For example, even today the "workstation" is still quite common in labs. Where
I work, I see a lot of 8-core Mac Pros. Huddled away under desks are old G4s
and G5s. What do we run on these machines? MATLAB, Mathematica, heavy Fortran
compilers, expensive microscopes, and almost-real-time experimental setups. In
other words, all stuff vital to scientific experiment and computation.
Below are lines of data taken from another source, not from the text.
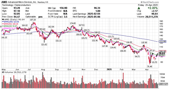 本期我们将为大家带来美股最强五十股第四支——超威半导体公司(AMD)。除了所谓的Magnificent 7,在这一波科技股浪潮中,AMD可能是比较受人瞩目的一支科技股了。特别是和英伟达(NVidia)相爱相杀的关系让它成为了很多关注芯片和AI行业投资者的选择。该股也是一度伴随着人工智能带动的芯片股行情,在2024年3月创下211.38美元的历史最高收盘价。当然,最近随着美股市场在特朗普上台以后发出的一连串关税威胁之下大幅跳水,AMD的价格也是重新回到了100美元左右的档位,较之历史最高点已经遭遇了腰斩。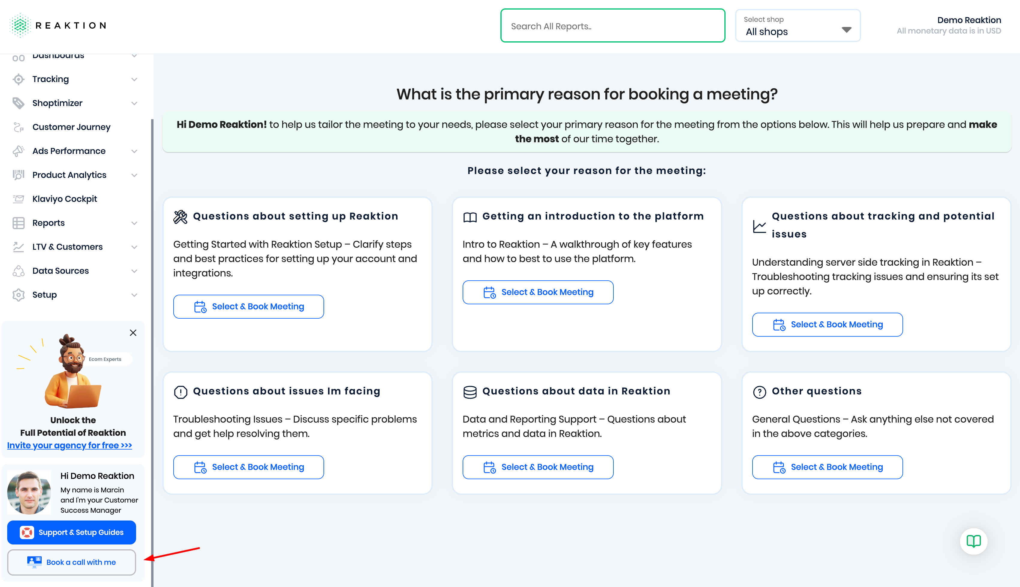 4) Call: To book a call with us, please use this Calendly Link. If you are an existing user, you can also book a call by clicking this link within your Reaktion account and selecting the relevant booking type: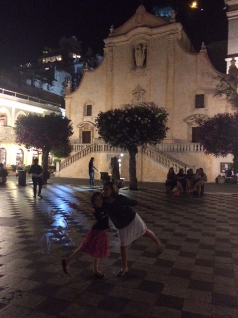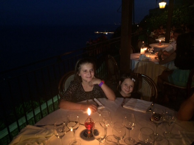 John, Valerie, Cecelia (age 10), and Samantha (age 7) arrived on Tuesday after a long night of flying from America. We had our same driver who has taken us all over, Salvatore, pick them up (since we don’t have a car here). When they arrived, the girls popped out with matching suitcases, cute haircuts, and just seemed at ease right away on the streets of Taormina – telling everyone they meet, “Ciao!”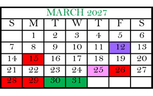Mar 26-29 National Holidays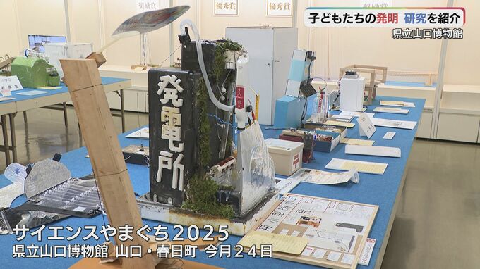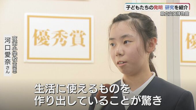 「サイエンスやまぐち」は子どもたちの自然や科学への関心を育てようと毎年、開かれています。児童・生徒が応募したおよそ240点が並んでいて、優秀賞に選ばれた8人が表彰されました。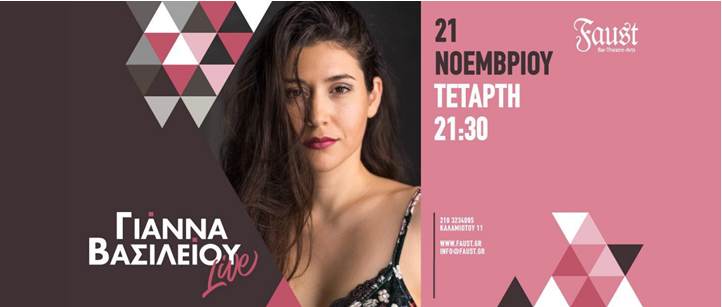 Μετά από δύο πετυχημένες εμφανίσεις της Γιάννας Βασιλείου τον Οκτώβριο στο «Faust», μία ακόμα εμφάνιση έρχεται την Τετάρτη 21 Νοεμβρίου. Στο live αυτό έρχεται με νέα τραγούδια που θα ακουστούν και θα δοκιμαστούν ζωντανά για πρώτη φορά και όπως πάντα, με επιλογές από ελληνικό και ξένο ρεπερτόριο που την έχουν διαμορφώσει.Η Γιάννα Βασιλείου στο «Faust».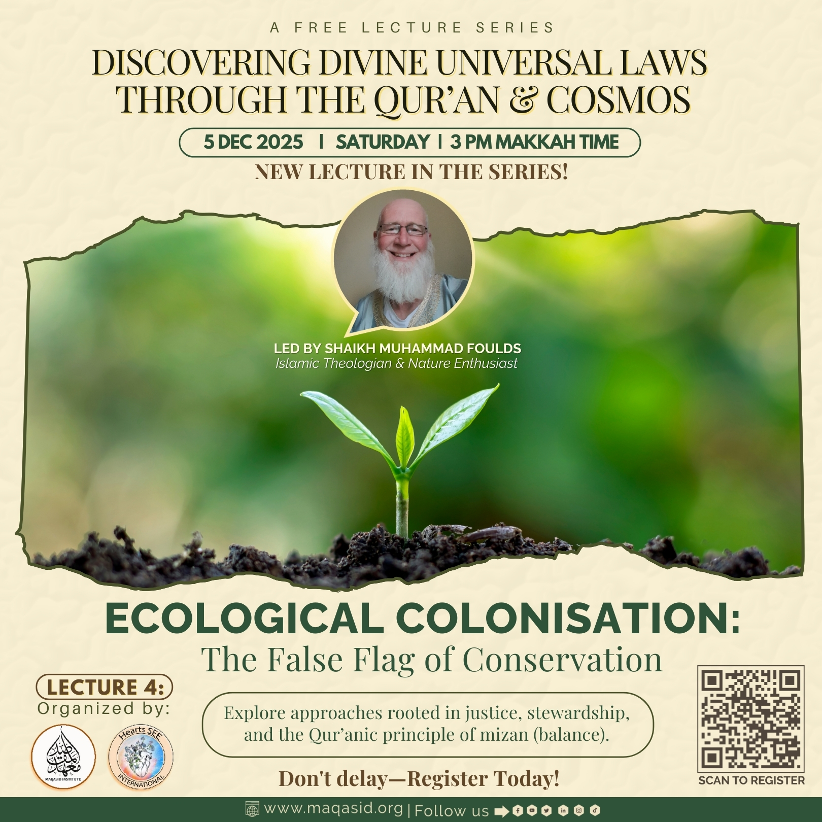 The "Discovering Divine Universal Laws through the Qur'an and Cosmos" Free Lecture Series continues with Lecture 4: Ecological Colonisation. This session examines the colonial mindset that actively disrupts the mizan (balance) established by the Divine in creation. We will trace the roots of this disruption from early Western expansion right through to the mechanisms of...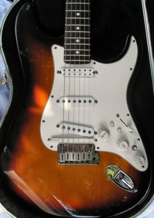 The middle single coil pickup is in a different location from regular Strats: (1-5/16″ between neck & middle pickup), 2 single coils with the bridge pickup a 2-hole mount exposed-coil humbucker, 11 screws, 3 knobs & blade switch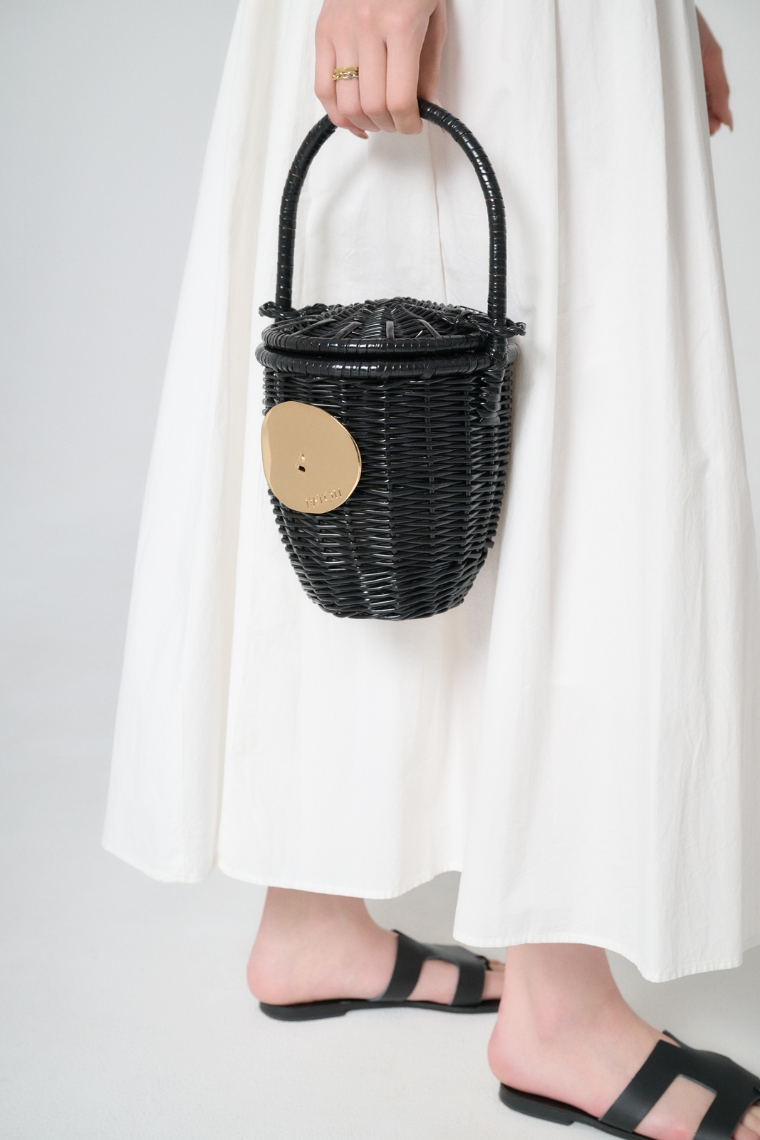 「パトゥの『ウィッカー バスケットバッグ』は、2年前のハワイ旅行で購入したお気に入り。ローマにある「真実の口」から着想を得たゴールドの装飾が、シンプルコーデのアクセントになります。光沢感のあるブラック素材だから、かごバッグでもカジュアルに転ばず、キレイめに持てます」

Yes, he broadly lectured on "higher learning," but it is no surprise to me
that the Web was born on a NeXT computer at CERN and not anywhere else. On the
other hand, it is true that we have not seen the "simulated learning
environments" or other AI-esque dreams from the 80s materialize in modern
computing. At least not as we thought we understood them: OpenCourseWare, Khan
Academy, and Stanford Online Education have begun to revolutionize the
"learning" half. And as for open publications, well, the arXiv is 20 years old
now (nearly the age of the Web!), the NIH requires open access 6 months after
publication, etc. We're definitely not there yet, but I think we're on the
right track.

If there were one thing though which would mark a great leap in progress, it
would be Open Data. The incentives don't really exist today for open data---
data can be like a trade secret to be hoarded for publications, and getting
ahead in academia is all about getting there first before you get scooped. We
need broad, systemic changes.

------
Bud
Great to see this old NeXT stuff.

I still have my NeXTStation Turbo Color, and shockingly, it still runs! Other
than my current iMac, it's easily my favorite computer ever. To be using a
NeXT in the early 1990s truly was like being 15 years ahead of what everyone
else had.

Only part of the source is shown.